PROBLEM TO SOLVE>
Pictures in the listing do not belong in the copy, which should repeat exactly the lines from the one holding "古荘 忠廣之さんを姓名の画数から五運を鑑定" through the last line.

PROVIDED RECORDS>

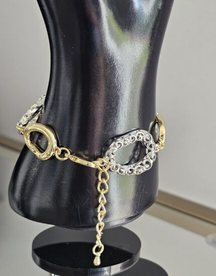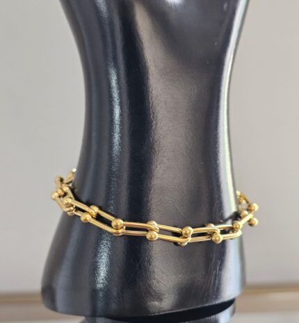 The Golden Geometric Bracelet is a striking piece crafted from gold-plated stainless steel, designed to showcase a blend of bold geometric shapes and elegant finishes. This bracelet features a sophisticated arrangement of square links, combining both large and small elements to create a modern, eye-catching accessory.
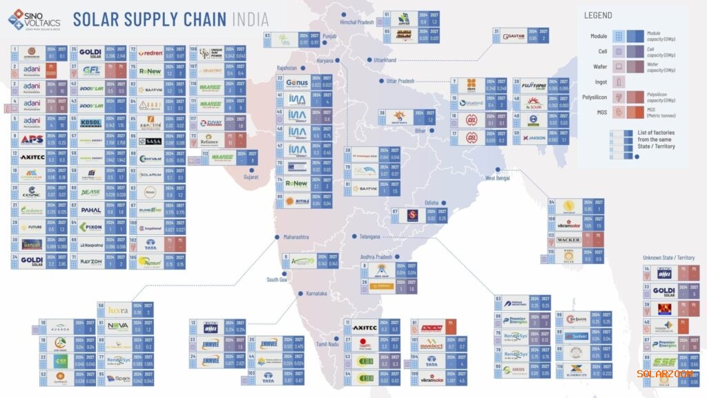 “印度正迅速成为全球太阳能制造和出口中心。在最新版地图中新增了一些关键制造商,这反映出该行业正在经历不断扩张,”Sinovoltaics首席执行官Dricus de Rooij在一份声明中表示。
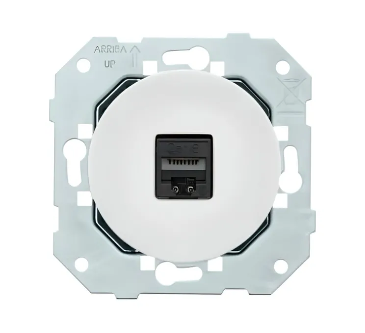 Ce mécanisme mesure 7,1 cm de côté et 7,1 cm de hauteur, et est spécifiquement conçu pour accueillir une prise RJ45, garantissant une connexion réseau fiable et stable. Sa finition en blanc glossy assure non seulement une allure élégante mais aussi une résistance accrue. Conception : Espagne.
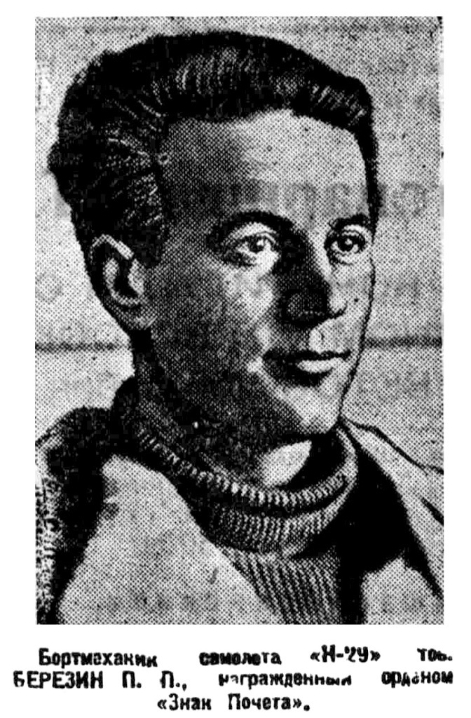 В 1909 году родился и Березин Петр Петрович, бортмеханик самолета «Н-29». Сын рабочего железнодорожника, он в 1924 году окончил семилетку. Затем работал слесарем, мотористом. В армии служил авиатехником.
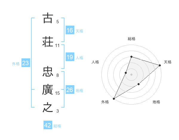 古荘 忠廣之さんを姓名の画数から五運を鑑定
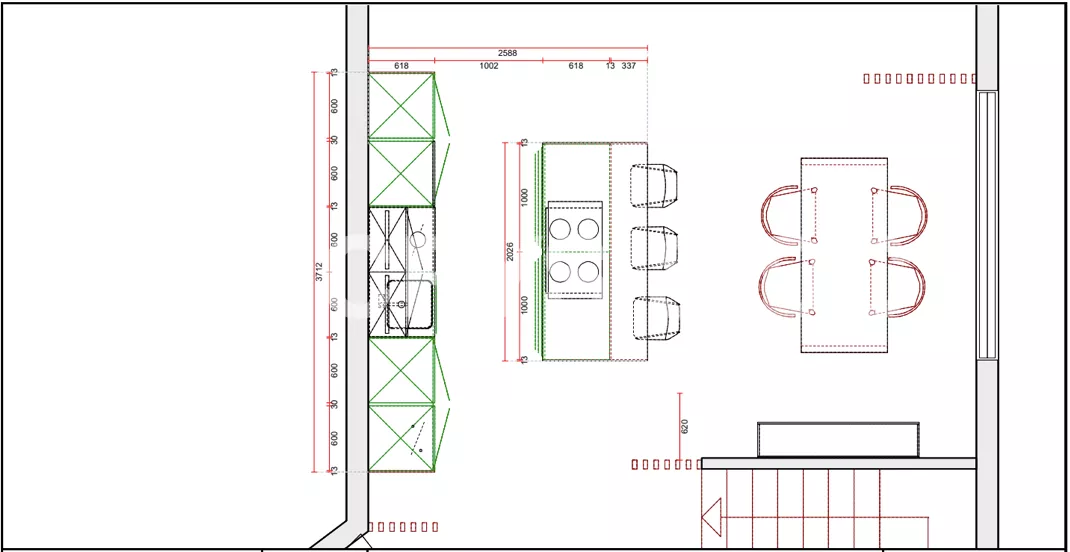 El frente está compuesto por muebles altos, muebles bajos y varias columnas, esta zona acoge la zona de aguas y los grandes electrodomésticos.
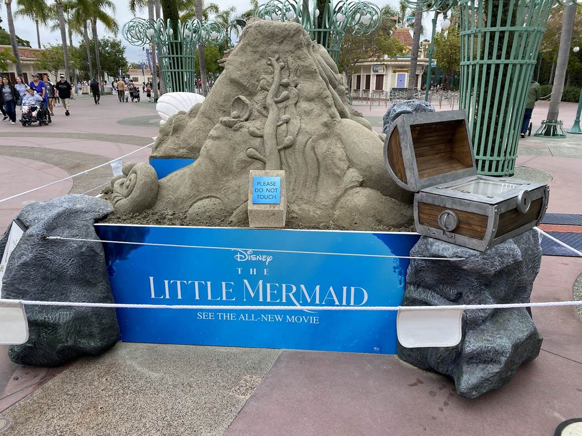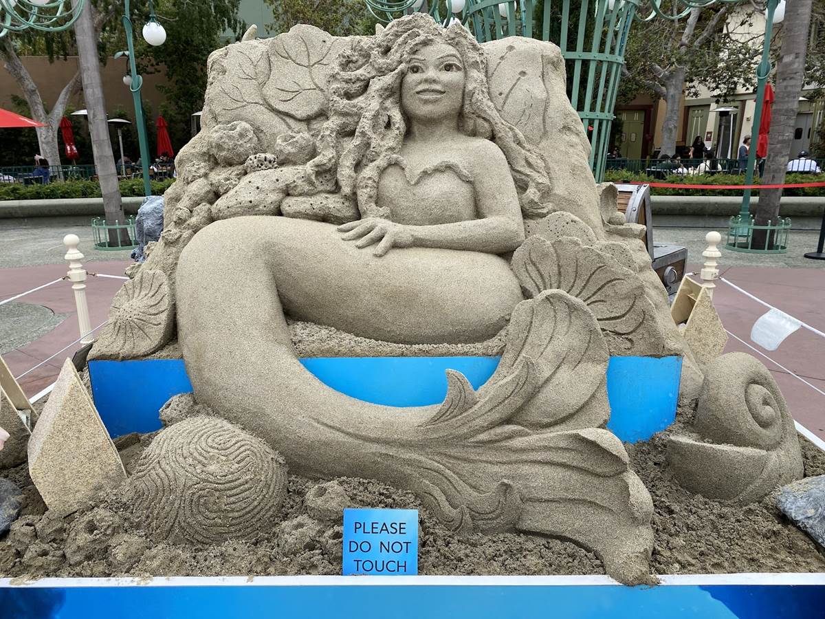 With the release of The Little Mermaid now in theaters everywhere, a new sand sculpture has appeared at the Disneyland Resort.
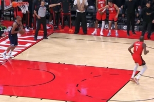 ??關(guān)鍵失誤:哈登沒有回頭 巴圖姆踩線后神情低落 盧直接掛機

FINISHED TASK>
 古荘 忠廣之さんを姓名の画数から五運を鑑定
 El frente está compuesto por muebles altos, muebles bajos y varias columnas, esta zona acoge la zona de aguas y los grandes electrodomésticos.
 With the release of The Little Mermaid now in theaters everywhere, a new sand sculpture has appeared at the Disneyland Resort.
 ??關(guān)鍵失誤:哈登沒有回頭 巴圖姆踩線后神情低落 盧直接掛機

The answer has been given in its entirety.